For the non-techies among us (especially news anchors), I’ll try to provide a good non-technical metaphor for what the Heartbleed bug is.
The Heartbleed bug is a software bug, *just like any other software bug*. The term ‘bug’ may be confusing here, but we mean a bug to mean a defect in a line of code somewhere, causing the software to behave in a manner that wasn’t intended by its author. They’re named ‘bugs’ because the first computer software error *was literally caused by a bug in the computer*.
It’s called “Heartbleed” because programmers love cute names. I haven’t actually found a credible source for its naming, so I default to the ‘cute’ reasoning. It’s accurate in general, if nothing else.
In human terms, viruses are referred to as ‘bugs’. They’re often used interchangeably, as in “Thanks for giving me that bug that’s going around.”
In software terms, they mean completely different things.
A virus is a piece of software *intentionally* written to infect computers. They can do many different things, from turning on your web cam without you knowing to just being really annoying.
Bugs are *unintentional* defects in software.

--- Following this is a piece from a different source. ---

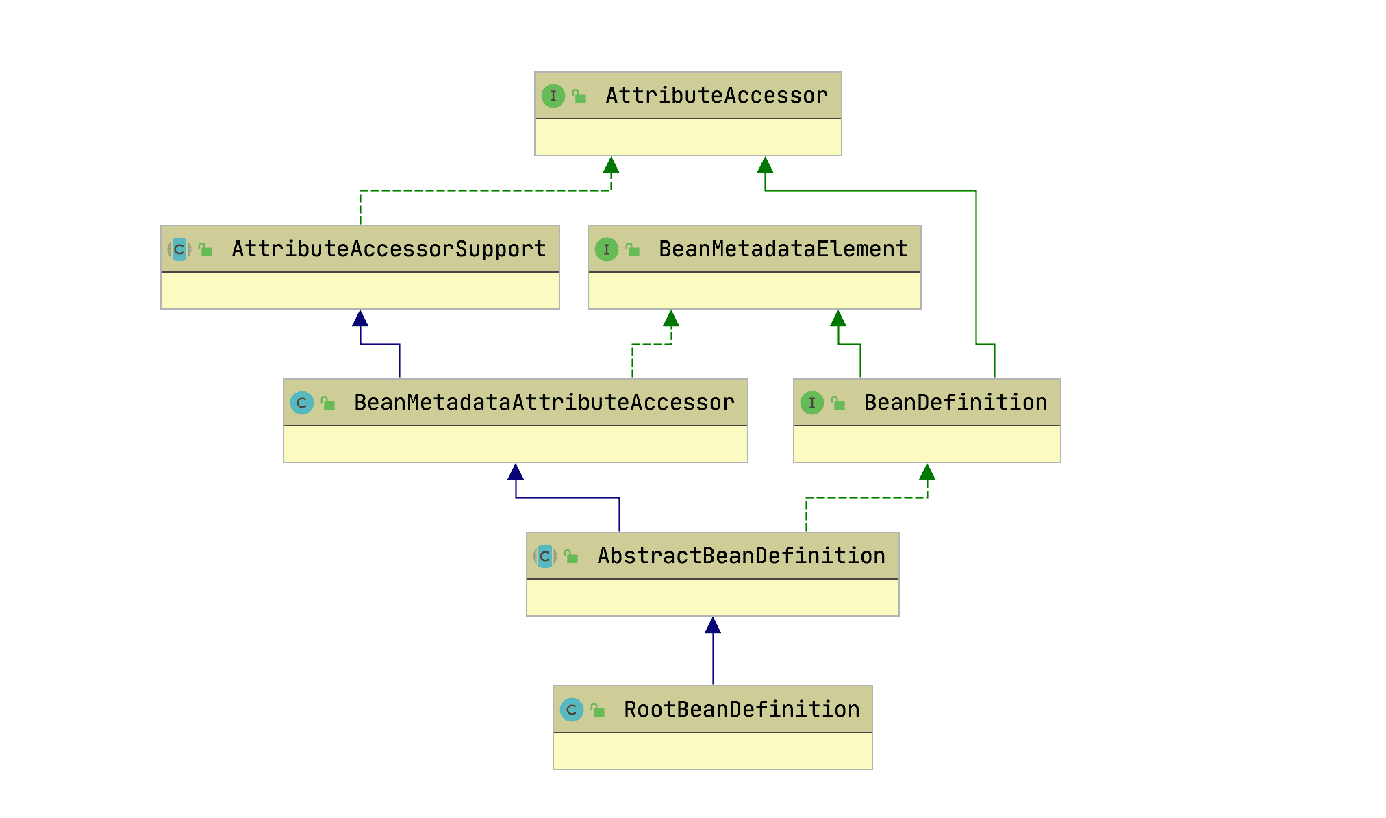 Spring 配置文件中每一个<bean>节点元素在 Spring 容器里都通过一个 BeanDefinition 对象表示,它描述了 Bean 的配置信息。而 BeanDefinitionRegistry 接口提供了向容器手工注册 BeanDefinition 对象的方法。

In the case of the Heartbleed bug, the defect is the digital equivalent of you leaving your house unlocked for two years in plain view of everyone in the world, and them able to get into your house, listen to your conversations, watch everything you do and record absolutely everything you’ve looked at on the internet for the past two years, while you were looking at it2. Any website, any financial transaction, anything. All without you knowing.
Normally you’d just change your locks, but that wouldn’t help you here. They have the digital equivalent of a skeleton key to 2/3rds of the locks in the world1. Until the company that makes the lock revoke the skeleton key and issues a new one, there’s nothing you can do. Changing your locks won’t help until then.
That’s how serious this software bug is. In your daily travels on the internet, I can guarantee at least one site you use is affected by it.
So what can you do?
– Don’t log into your bank or any sensitive site until they’ve confirmed that they’re not affected by this bug, or they’ve issued new SSL certificates for their site.
– Change your password for each site *after* it has revoked its security certificate.
– Never use the same password on two sites. If you do, at least make sure your bank and other sensitive sites have their own passwords that aren’t used by any other site (or used on each other).
– Follow these helpful instructions to make sure Chrome looks for certificate revocations:

To leave you with a bit of levity and to put this gaffe in context,
It’s not as if this is the first time a news anchor has made a technical gaffe. It’s even pretty low on the scale: The king of all tech gaffes would have to be Katie Couric and Bryant Gumbel’s hilarious description of what an email address and the internet is.
[youtube http://www.youtube.com/watch?v=JUs7iG1mNjI&w=640&h=390]
1: Techies will note that I’m conflating terms here between the skeleton key (SSL certificates) and your house lock (your password). Sometimes there just aren’t non-digital equivalents, so we make do.
2: Heartbleed allows the attacker to see 64K of what’s in memory at the given moment of attack. This is trivial to automate.